View larger version (26K): [in this window] [in a new window]   FIG. 4.   Different isoforms of the viral telomeres form electrophoretically distinct complexes. (A) Strategy for selective labeling of the flip or flop viral hairpins. To label the individual isoforms of the viral hairpins, p65+tet was digested with either Asp718 (to label flip) or BamHI (to label flop) prior to the 3'-labeling reaction and subdigestion with the other enzyme. Initial digestion of p65+tet with SalI allows for simultaneous labeling of both isoforms. (B) EMSA using radiolabeled flip and flop hairpins. Hairpins prepared using the above strategy were used as probes in EMSA reactions: lanes 1 and 2, simultaneously labeled 65-bp+tet hairpins; lanes 3 and 5, radiolabeled flip hairpin; lanes 4 and 6, radiolabeled flop hairpin; lane 7, a mixture of radiolabeled flip and flop hairpins. EMSA reactions were performed in the presence (lanes 2, 5, 6, and 7) or absence (lanes 1, 3, and 4) of cytoplasmic extract prepared from infected cells at 24 hpi. The solid arrows and dots indicate the lower and upper doublets of shifted complexes, respectively.

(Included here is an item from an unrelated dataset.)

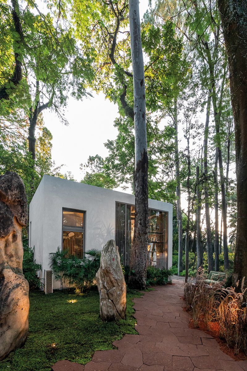 Com pé-direito de 4 metros, a casa foi erguida em apenas um mês com sistema construtivo a seco, respeitando as raízes do terreno e utilizando materiais de baixo impacto ambiental, como madeira de reflorestamento e placas de MDF já tingidas na cor verde alecrim. O projeto inclui estar, suíte, banheiro, cozinha e jardim, todos integrados com fluidez.

Telomere binding activity accumulates after the onset of viral DNA replication and is encapsidated in virions. Up to this point, EMSA experiments were performed using a cytoplasmic extract harvested at 24 h postinfection. To begin to understand the possible functions of these telomere binding activities in vivo, cytoplasmic extracts were harvested at various times after infection and assayed by EMSA (Fig. 5A). Telomere binding activity was first detected at 3 hpi and was present throughout the viral life cycle in cells infected at either low or high MOI (lanes 1 to 4 and 6 to 9). Cells infected in the presence of araC, an inhibitor of viral DNA replication and hence of the subsequent stages of intermediate and late gene expression, did not accumulate telomere binding activity (lanes 6 and 10). This suggests that one or more of the proteins required for telomere binding activity is expressed as an intermediate or late gene product, or, alternatively, that the activity of these proteins is manifested only after the onset of DNA replication, possibly due to posttranslational modification.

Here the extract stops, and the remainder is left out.